Yang Hao Yuan, Raghunathan Karthik, Widera Eric, Pantilat Steven Z, Brender Teva, Heintz Timothy A, Espejo Edie, Boscardin John, Mills Hunter, Lee Albert, Berchuck Jacob, Cobert Julien
Department of Epidemiology and Biostatistics, University of California San Francisco, San Francisco, CA, USA.
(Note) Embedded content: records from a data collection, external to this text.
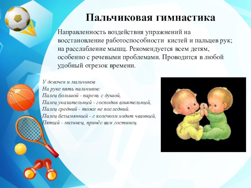 Слайд 16Пальчиковая гимнастика
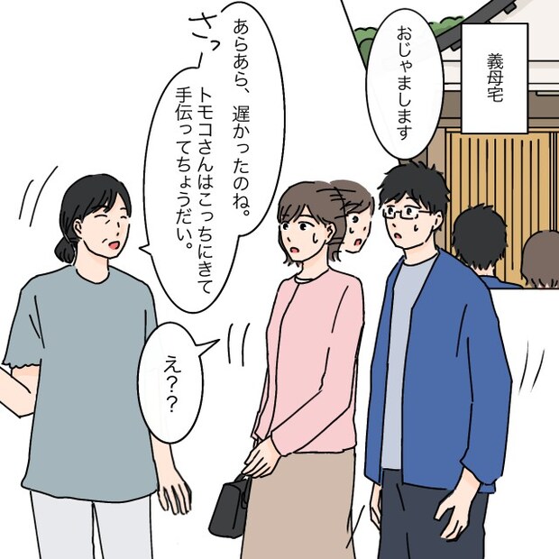 そして義実家に到着。「おじゃまします」と緊張しながら玄関に入るや否や「あらあら、遅かったのね」と言いながら出てきた義母に「さっ、トモコさんはこっちに来て手伝ってちょうだい」と言われました。突然のことに「え??」と戸惑っていると、
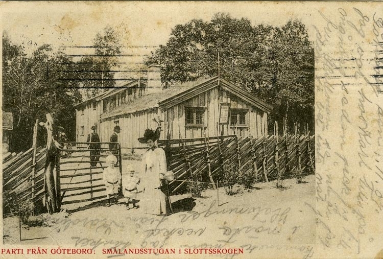 Notering på kortet: Parti från Göteborg. Smålandsstugan i Slottsskogen.

Department of Anesthesia and Perioperative Care, Duke University, Durham, NC, USA.
Sci Rep. 2025 May 18;15(1):17245. doi: 10.1038/s41598-025-01828-z.
Palliative care is known to improve quality of life in advanced cancer. Natural language processing offers insights to how documentation around palliative care in relation to metastatic cancer has changed. We analyzed inpatient clinical notes using unsupervised language models that learn how words related to metastatic cancer (e.g. "mets", "metastases") and palliative care (e.g. "palliative care", "pal care") appear relationally and change over time. We included any note from adults hospitalized at the University of California, San Francisco system. The primary outcome was how similarly terms related to metastatic cancer and palliative care appeared in notes using a mathematical approach (cosine similarity). We used word2vec to model language numerically as vectors. Relational data between vectors was captured using cosine similarity. We performed linear regression to identify changes in these relationships of terms over time. As a sensitivity analysis, we performed the same analysis per year restricted only to patients with an ICD-9/10 diagnosis code for metastatic cancer. Metastatic cancer and palliative care terms appeared in similar contexts in clinical notes each year, suggesting a close relationship in documentation. However, over time, this relationship weakened, with these terms becoming less commonly used together as measured by cosine similarities. We found similar trends when we retrained models just on patients with a diagnosis code for metastatic cancer. Text in clinical notes offers unique insights into how medical providers document palliative care in patients with advanced malignancies and how these documentation practices evolve over time.
已知姑息治疗可改善晚期癌症患者的生活质量。自然语言处理为与转移性癌症相关的姑息治疗文档的变化提供了见解。我们使用无监督语言模型分析住院临床记录,该模型学习与转移性癌症相关的词汇(如“转移灶”“转移”)和姑息治疗相关的词汇(如“姑息治疗”“姑息护理”)如何在关系上出现并随时间变化。我们纳入了加利福尼亚大学旧金山分校系统住院的成年患者的任何记录。主要结果是使用数学方法(余弦相似度)来衡量与转移性癌症和姑息治疗相关的术语在记录中出现的相似程度。我们使用word2vec将语言数值建模为向量。使用余弦相似度捕获向量之间的关系数据。我们进行线性回归以确定这些术语关系随时间的变化。作为敏感性分析,我们每年仅对患有转移性癌症ICD - 9/10诊断代码的患者进行相同分析。每年转移性癌症和姑息治疗术语在临床记录中出现在相似的语境中,表明在文档记录中有密切关系。然而,随着时间推移,这种关系减弱,通过余弦相似度衡量,这些术语一起使用的频率降低。当我们仅对患有转移性癌症诊断代码的患者重新训练模型时,我们发现了类似的趋势。临床记录中的文本为医疗服务提供者如何记录晚期恶性肿瘤患者的姑息治疗以及这些记录实践如何随时间演变提供了独特的见解。